Вот тут я жестко стояла на своем. Некое слепое, но очень верное чувство, подсказывало, что ложечкой дело не ограничится.
Что вслед за киселем и кашей последует что-то очень страшное, нестерпимо-чужое, и необратимое.
Я стану как тихая Светочка, – перебирать сухими ножками, обнимать липкими ручками, на которых замерзшие сопли и комья утренней каши…
Что, боже мой, – ужасней этого ничего быть не может! – я стану совсем как большеголовый заторможенный Стасик, – глотать все подряд с воодушевлением клинического идиота, и тогда я забуду, окончательно забуду, что на самом деле люблю.
Книга о вкусной и здоровой пище
Когда глубина и пустота Космоса открывается мне в пугающем своем безмолвии, я погружаюсь в то, что веками спасало и согревало в ненастные дни, – в книгу о вкусной и здоровой пище.

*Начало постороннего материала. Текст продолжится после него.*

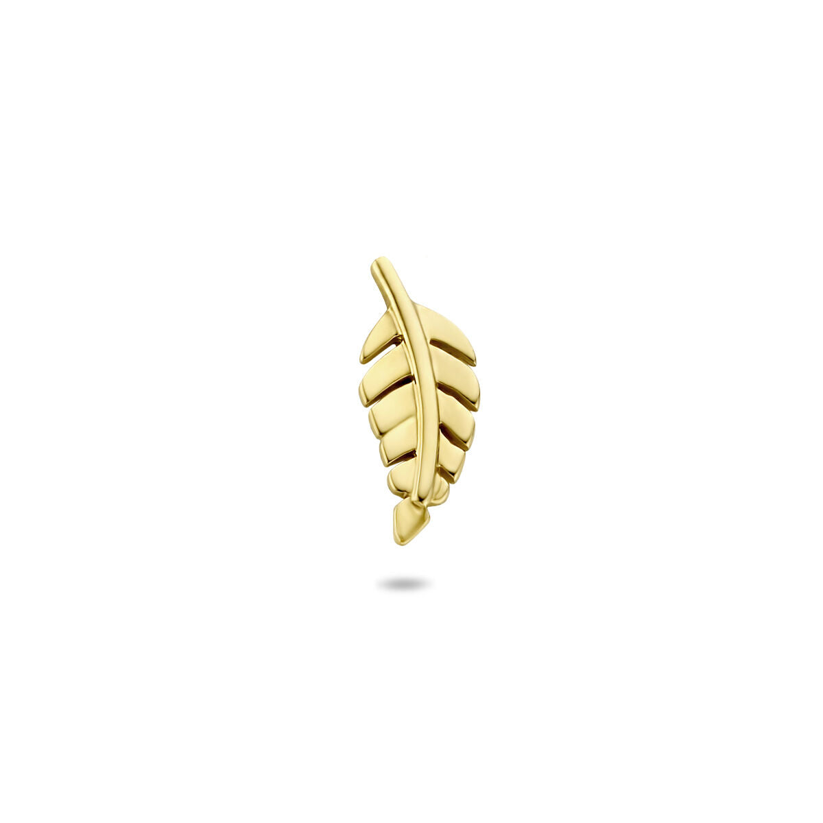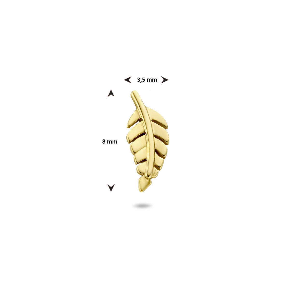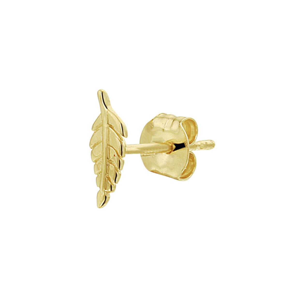 Ohrstecker aus 14-karätigem Gelbgold in Form einer Feder mit den Abmessungen 8 x 3,5 mm. Ausgestattet mit einem stabilen Poussette-Verschluss. Diese Ohrringe werden pro Stück statt pro Paar verkauft.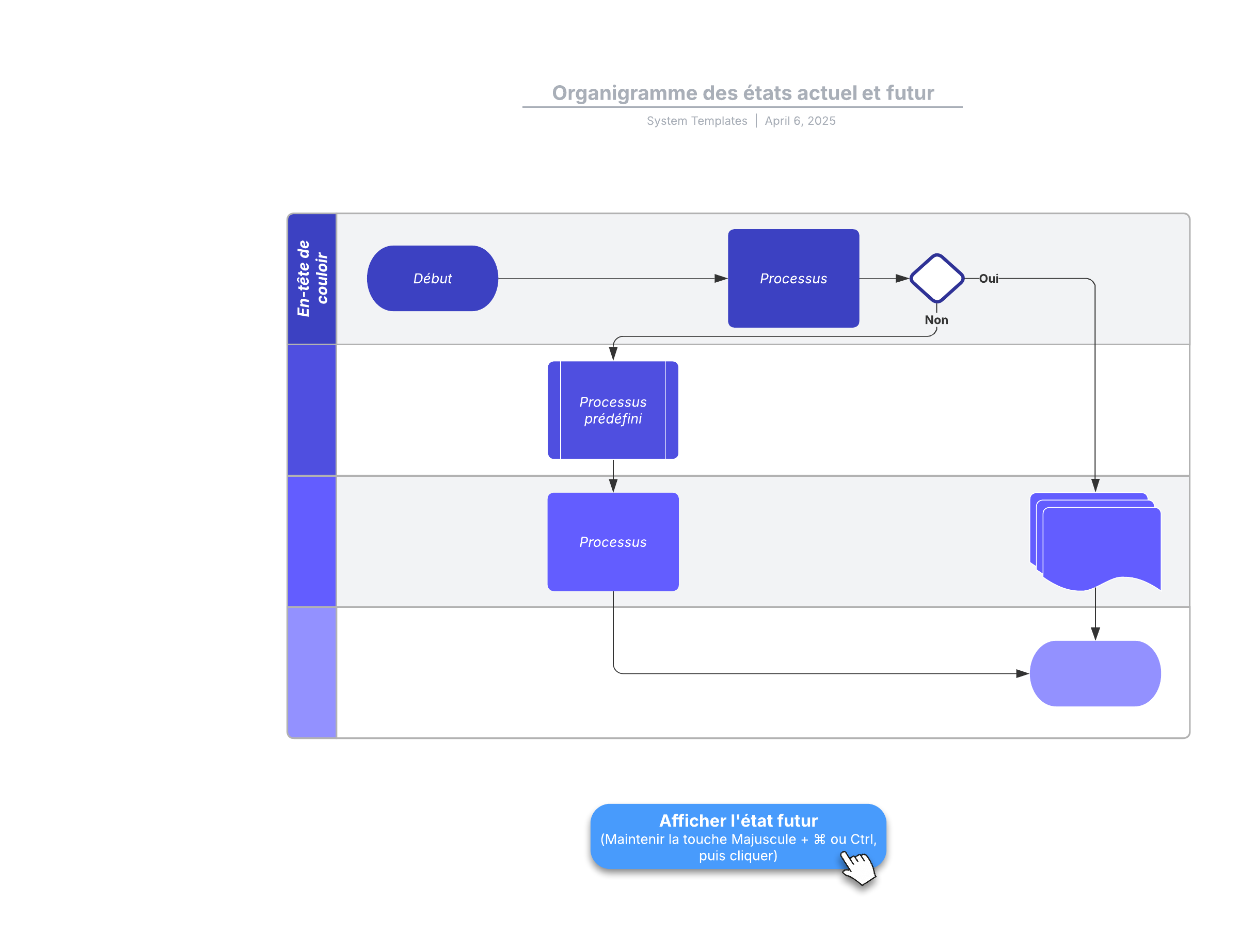 Ouvrez ce modèle d'organigramme des états actuel et futur, et ajoutez-y du contenu pour le personnaliser selon votre cas d'utilisation.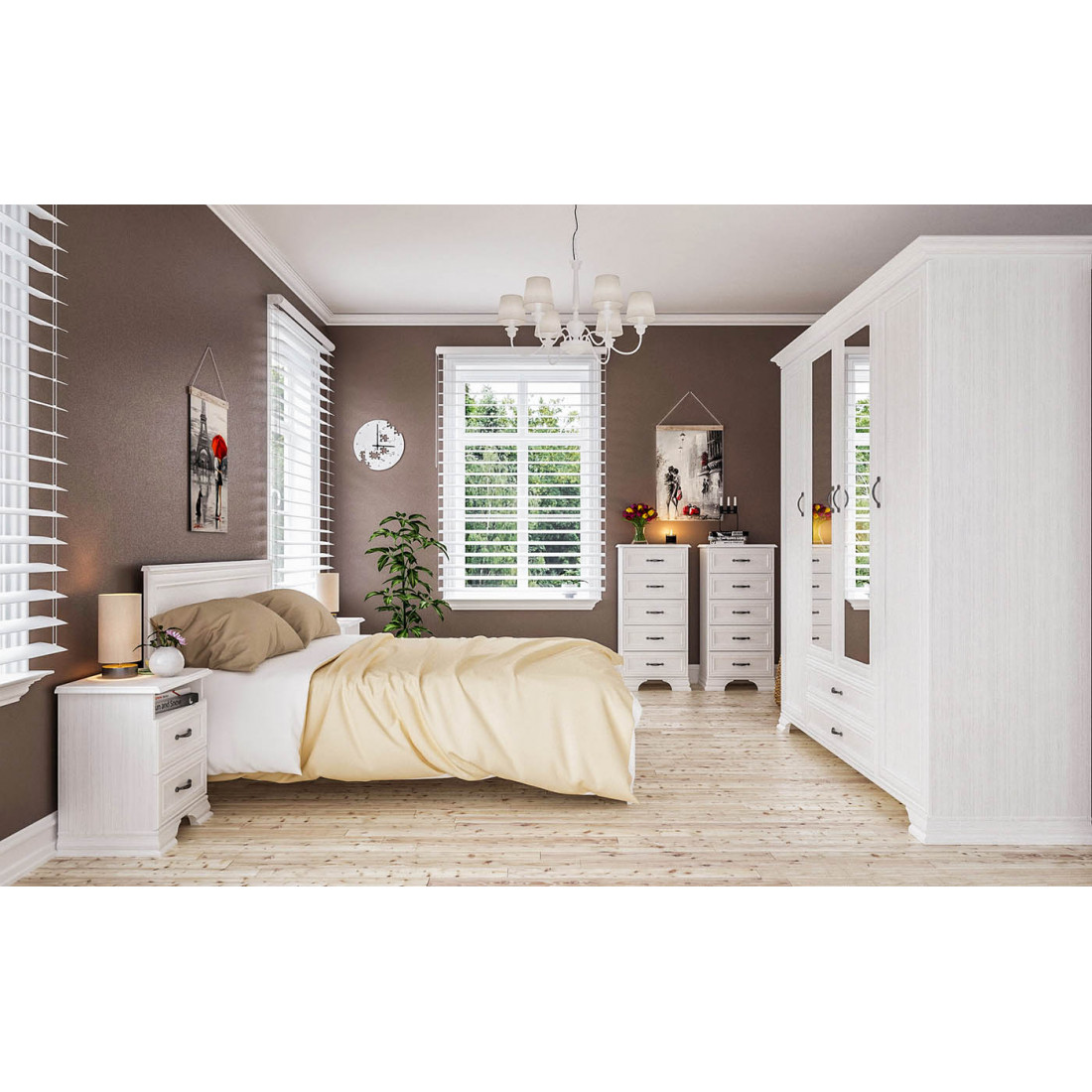 Мебель для спальни Юнона от фабрики Мебель-Неман композиция 3 - спальный гарнитур в классическом стиле с отделкой структурной фактуры, обрамленный рамочным фасадом, где металлические ручки выгодно подчёркивают стиль и изящество, всегда актуален и востребован.
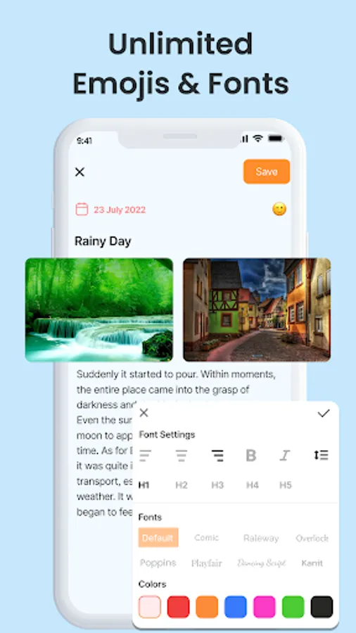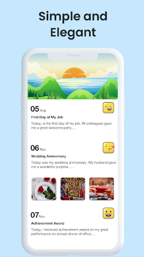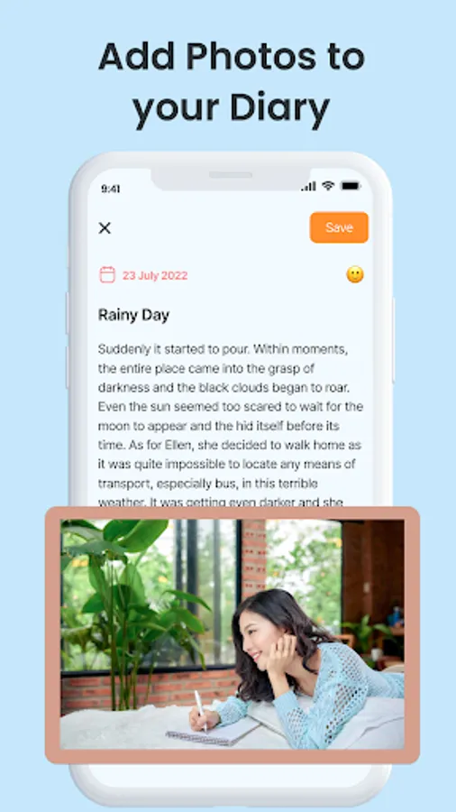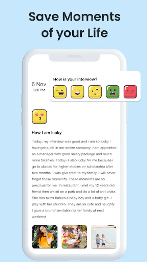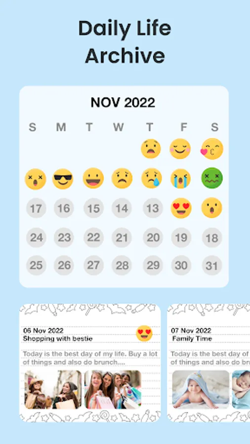 In mood Dairy, you can express our feelings in words. Use emojis to express your mood in the journal.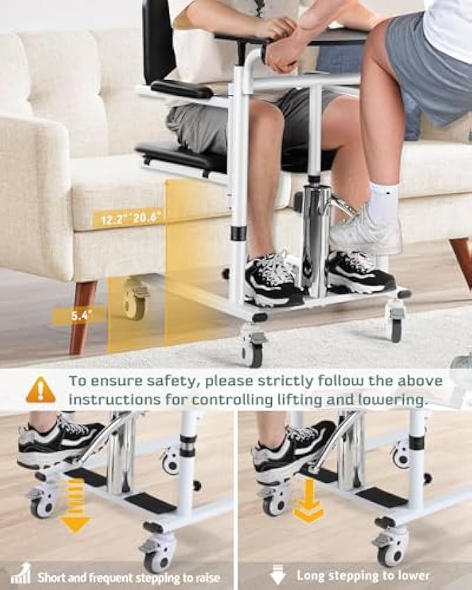 • 【4-in 1 Multi-functional Wheelchair】Our innovative lift wheelchair offers 4 distinct functions in one compact design; it seamlessly transforms into a bedside commode, patient lift wheelchair, shower chair, and raised toilet seat, which enhances mobility independence for the disabled and elderly, while significantly easing the workload for caregivers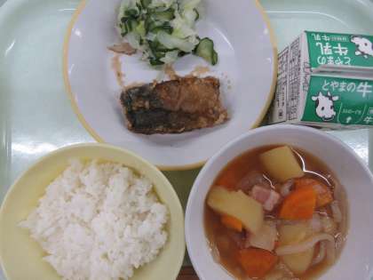 今日の献立は、ごはん、牛乳、魚の梅風味かば焼き、合わせ和え、ベーコンとじゃがいもの煮物 です。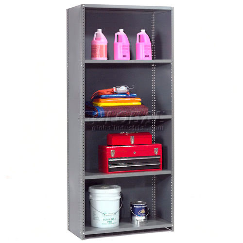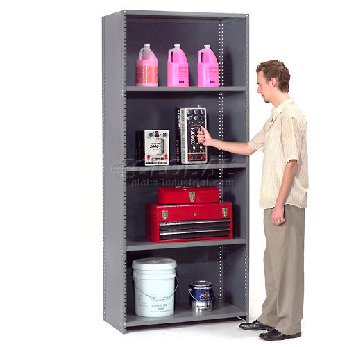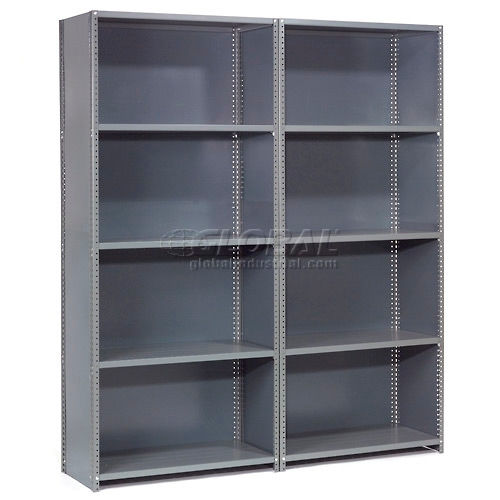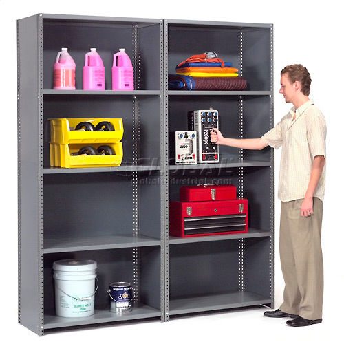 Starter Unit Roll-formed, ribbed steel shelves have box beam reinforced edges to provide increased load capacities. Quad clip safely secures shelves to uprights while allowing easy adjustment on 1" centers. Heavy duty 14 gauge steel uprights support shelves. Closed side and back panels retain loads. Gray baked enamel with anticorrosion undercoat last for years. This Starter Unit includes 4 uprights, 5 shelves, 4 quad clips per shelf, 1 back and 2 side panels plus all required nuts and bolts. All panels shipped in (2) or (3) pieces to save on shipping costs.
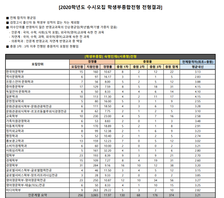 숙명여자대학교 2020학년도 수시등급 학생부종합전형 결과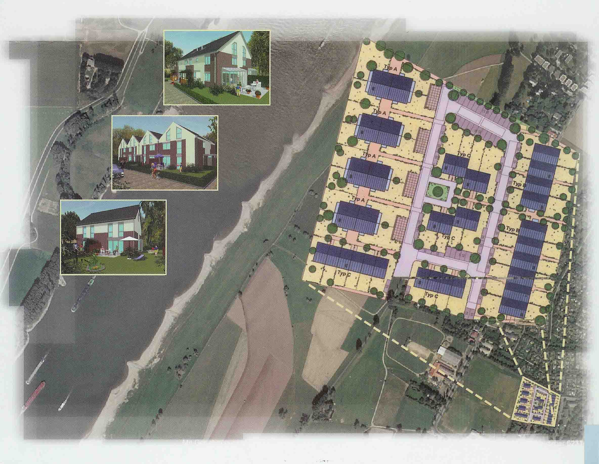 Typ A ist an ehemalige Werkswohnungstypen angelehnt. Typ B ist im Kern eine Eigentumswohnanlage, bei der zwei Wohnungen Rücken an Rücken in einem giebelständigen Gebäudeteil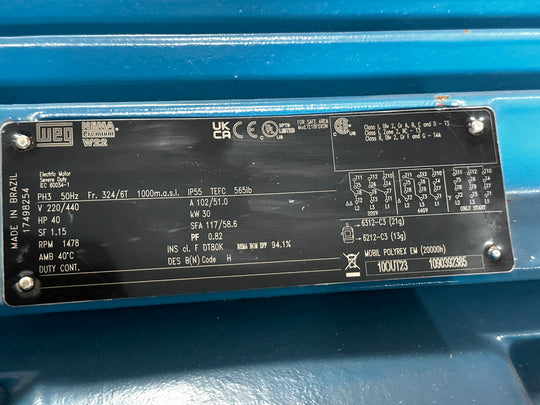 WEG 40HP 3000RPM 324/6TS 220/380/440V 3PH 50Hz Cast Iron Motor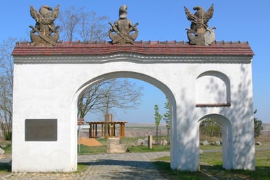 DER TORBOGEN GILT ALS BESONDERES WAHRZEICHEN DER GEMEINDE KLINGE.
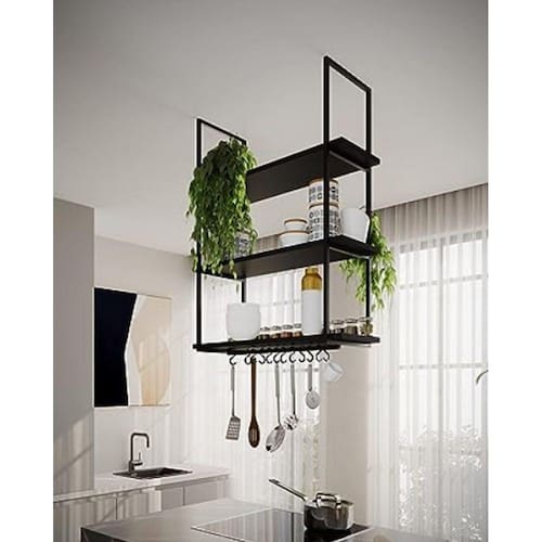 E não é só isso! O conjunto acompanha um exclusivo suporte de porta utensílios e talheres com 12 ganchos, para que você tenha sempre à mão suas xícaras, facas, panelas, talheres e outros objetos favoritos. E como se não bastasse, a estrutura é fabricada em aço resistente e durável, com uma camada de proteção contra ferrugem e acabamento de pintura eletrostática epóxi.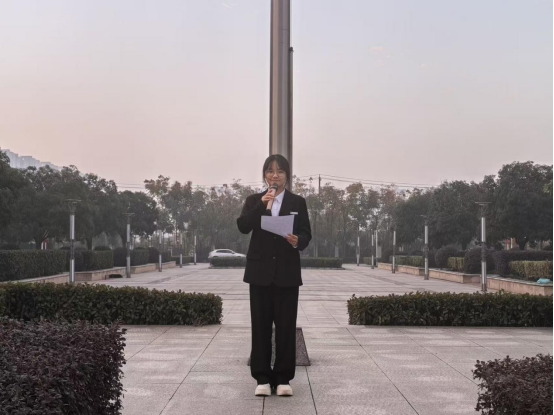 国旗下讲话,由中国·yl6809永利集团25级汉语言文学的吕尔顿、徐文硕同学,数字媒体技术的杜文佳同学,新闻传播学的黄佳同学进行《传承红色基因,勇担时代使命》的发言,让我们以五星红旗为指引,以红色精神为动力,不负时代,不负人民,让红色旗帜永远在心中高高飘扬,让红色精神在新时代绽放新的光芒!他们的发言展现了思想的深度,将个人感悟与时代精神相融合,探讨了艺术创作的人文内涵。
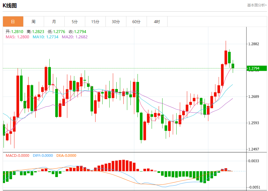 周二欧市盘中,英镑兑美元交投于1.2794,跌幅为0.15%。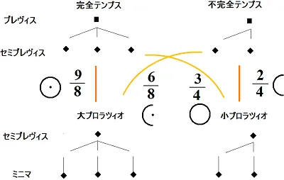 さあ、だんだん話がややこしくなってきましたが、あと一息です。このうち、いまは最後の3と4、すなわちテンプスとプロラツィオだけに注目してください。完全/不完全テンプスと大/小プロラツィオという4つの関係を互いに組み合わせると、面白いことに、現代の拍子にも対応する4つの拍子が導き出されます。図5と対応させながら説明をご覧ください。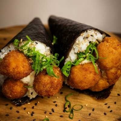 Deliciosos temakis de kani crocante, recheados com ingredientes frescos e saborosos. Uma combinação irresistível para os amantes de sushi.
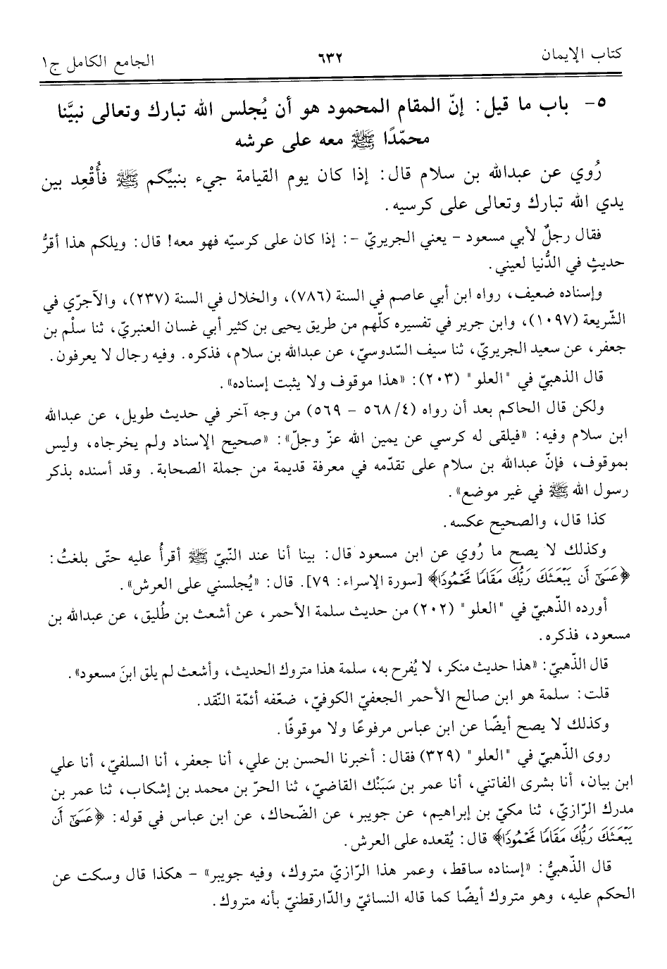 ٥ - باب ما قيل: إنّ المقام المحمود هو أن يُجلس اللَّه تبارك وتعالى نبيَّنا محمّدًا -صلى اللَّه عليه وسلم- معه على عرشه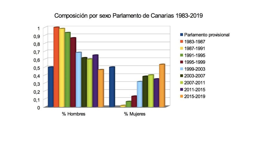 El Parlamento de Canarias puede presumir de tener actualmente el mismo número de hombres (30) que de mujeres (30) representando a la ciudadanía. Sin embargo, lograr esta estampa no ha sido un camino de rosas. En las primeras legislaturas, la presencia de la mujer fue escasa, y no ha sido hasta esta última cuando se ha notado este equilibrio. Para lograrlo, ha tenido un papel importante la cuota del 40% de mujeres y hombres en las candidaturas electorales, una medida impuesta en la Ley de Igualdad de 2007 del PSOE, que se ha unido al sistema de listas cremallera utilizado por muchos partidos para que las mujeres puedan salir elegidas y no queden relegadas a los últimos puestos.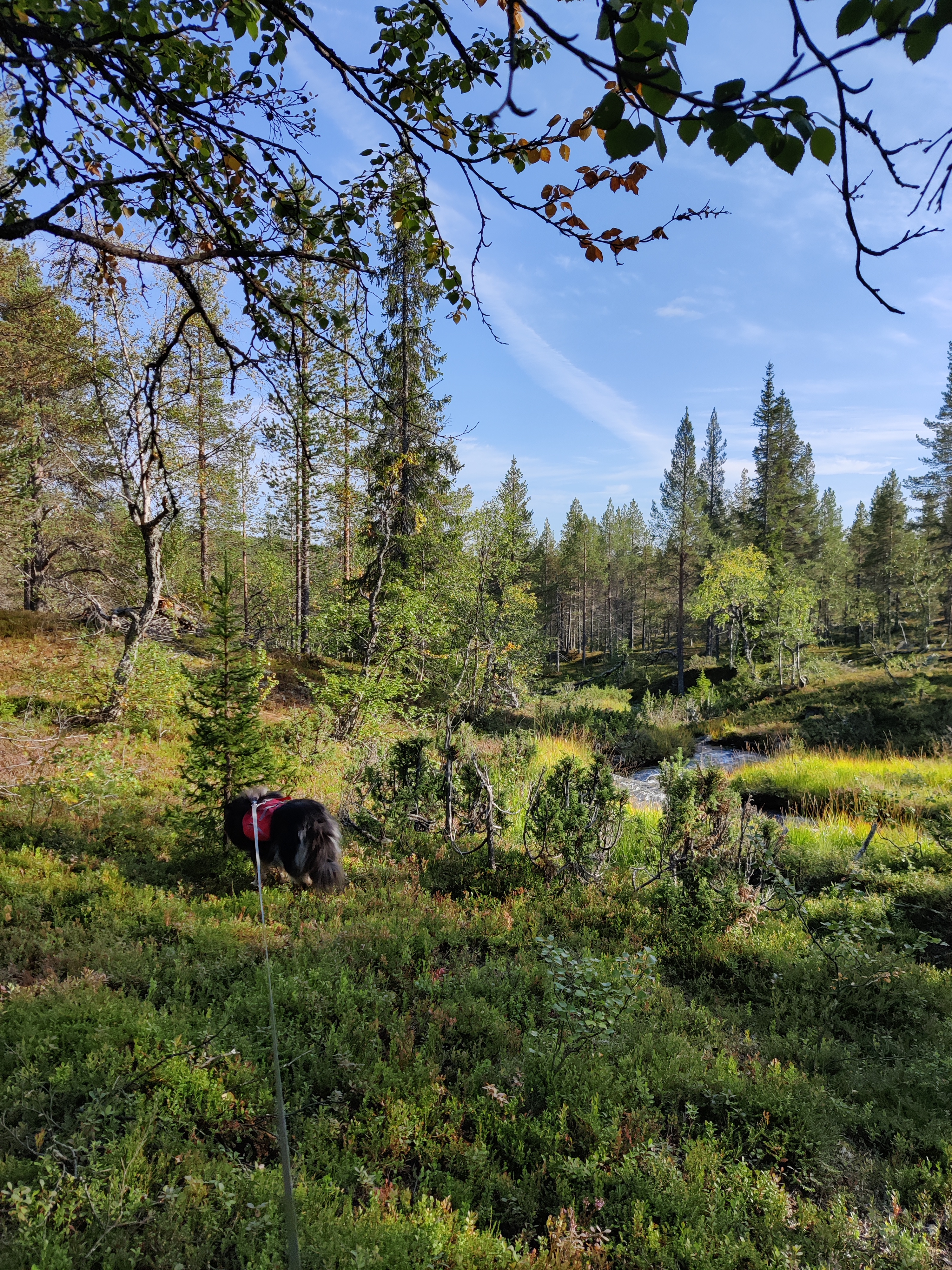 Harrijoen virtaus oli hurja. Ylityspaikalla oli suuri mänty kaadettuna joen yli, aprikoin uskaltaisinko ylittää joen sitä pitkin. Valmistuin kantamaan koiran, virtaus oli sille liian hurja uitavaksi. Yllätyksekseni Kiiski hiippaili joen yli mäntyä pitkin. Jännittyneenä tulin perässä, puu oli yllättävän hyvä kulkea. Paijasin koiraa palkkioksi hyvin suoritetusta ylityksestä!

Кто не листал этот шедевр однажды, упиваясь разнузданной вакханалией вкусов и запахов, проступающих сквозь строгий шрифт и роскошные цветные вкладыши-иллюстрации, по глубине и насыщенности соперничающие с лучшими образцами фламандской школы, – а вот и рачительные хозяюшки разве что не в чепцах и накрахмаленных юбках, с продольными (от чрезмерной бережливости и вечных хлопот) морщинами на гладких лбах, – о, этот долгий, долгий провал, эта бесконечная истома привалившегося к теплым изразцам предусмотрительно растопленной печи, о, отдохновение усталого мужа, с удовлетворением озирающего полные закрома свои, в которых полки ломятся от яств, от накрытых белоснежными салфетками мисочек и тарелок, от рядами застывших банок с консервацией, – а вот, собственно, и досуг, а вот и досуг счастливого семейства, закатывающего одну за другой прозрачные емкости, в которых чего только нет…
Тут тебе и рассольник, и брикеты с гречневой кашей, готовой практически к употреблению, и мясистые перчики, и икра кабачковая, – о, кто не знает кабачковой икры, – основы всяческого застолья, – и жестянки с горошком, и остроугольные пакеты с брызжущим из внезапной дырочки молоком, и увесистая пачка, на которой написано, – творог, – и можете не сомневаться, это творог и есть, – а чего стоят миниатюрные сырки с изюмом! А рассыпчатый обильно сдобренный маслом картофель, а томная пышность пюре… А вот и запотевшая кринка, за мутным стеклом которой угадываются тучные пастбища и сытые коровы, и звонкая веселая струя ударяет по оцинкованному дну, и распаренная молочница семенит, сгибаясь под тяжестью надоя.
Так, сглатывая вязкую слюну, листаю картинки старых добрых времен, в которых вкусы были простыми, еда – сытной, семьи – под стать копошащемуся муравейнику, а иначе никак, – единственный способ выживания, – засучив рукава, месить тесто, со лба смахивая взмокшую прядь, детей отгоняя во двор, мужей – к мерцающим тускло экранам.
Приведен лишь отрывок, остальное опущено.